MPs Call for Reinvestigation of President Gamsakhurdia’s Death
Parliament passed a resolution on February 22 asking the chief prosecutor’s office “to react appropriately” on new facts and circumstances surrounding the death of Georgia’s ousted President Zviad Gamsakhurdia seventeen years ago.
The resolution was passed based on a report tabled by an ad hoc parliamentary commission, chaired by MP Konstantine Gamsakhurdia, son of the late President.
For more than a year the commission was studying circumstances of Zviad Gamsakhurdia’s death in December, 1993 in a remote village of western Georgian region of Samegrelo, less than two years after he was ousted in a military coup.
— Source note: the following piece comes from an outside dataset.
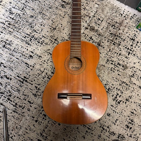 Ritmo 500 akustisk gitar i natur trefarge. Klassisk modell med nylonstrenger, tradisjonell hodeform med åpne stemmeskruer og rektangulær stol. Kroppen har lys topp og mørkere bakside og sider. Egner seg til generell akustisk spilling og øving, for eksempel til klassisk, vise- og fingerspill. Laget i Spania.

He died from a gunshot to the head.
The official investigation, carried out in 1990s, found that Gamsakhurdia committed suicide – the clam disputed by many of his supporters.
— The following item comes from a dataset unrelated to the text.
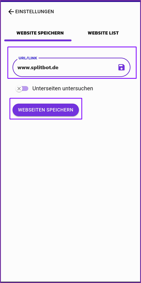Im Feld „URL/LINK“ kann eine neue Webseite eingetragen werden und durch Betätigung des Schiebereglers kann bestimmt werden, ob auch Unterseiten dieser konkreten Webseite berücksichtigt werden sollen.

The ad hoc commission was mandated with a task to find out whether the suicide version was in line with actual facts and circumstances; the commission had a mandate “to study” and not the mandate “to investigate” – the latter gives more powers to ad hoc parliamentary commissions.
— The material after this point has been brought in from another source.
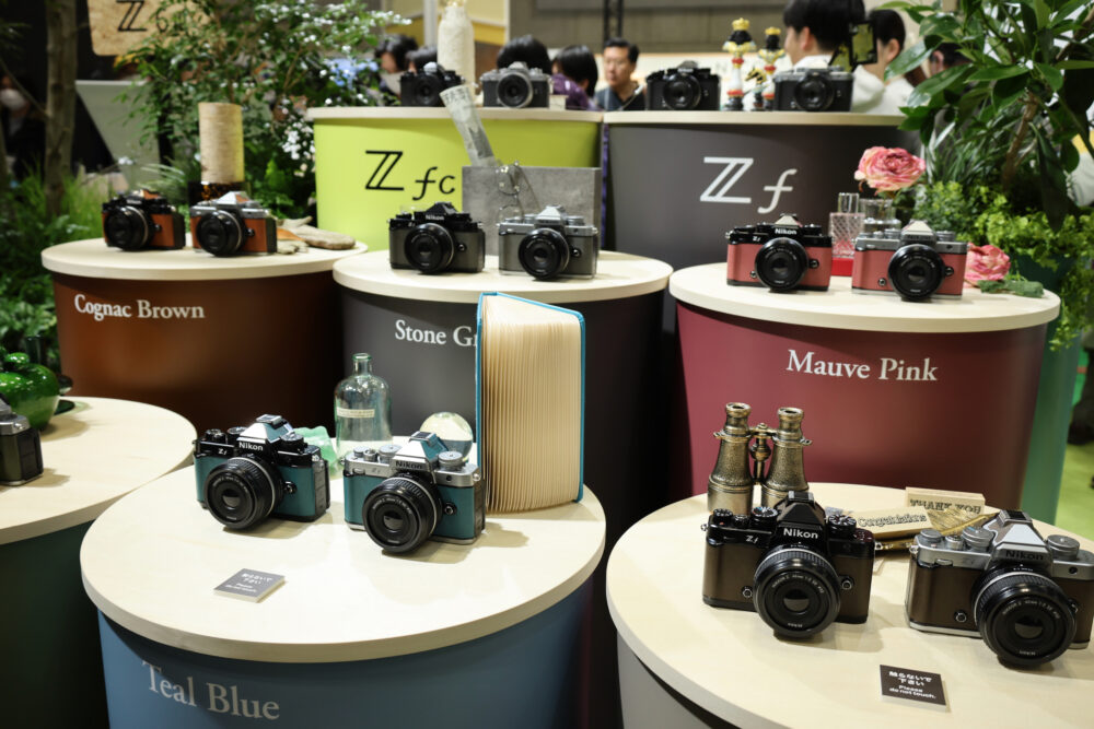 例えばニコンのブースには、デジカメでありながらアナログカメラのようなテイストのZfシリーズが多数展示されていた。

According to the commission’s report the investigation into Gamsakhurdia’s death was carried out with negligence of crucial circumstances and through ignorance of major evidence. It says that key evidence, including gun and also a bullet, from which Gamsakhurdia allegedly committed suicide disappeared. According to the report there are multiple inconsistencies in the official investigation, which give a reason to cast doubt over its conclusions that Gamsakhurdia committed suicide.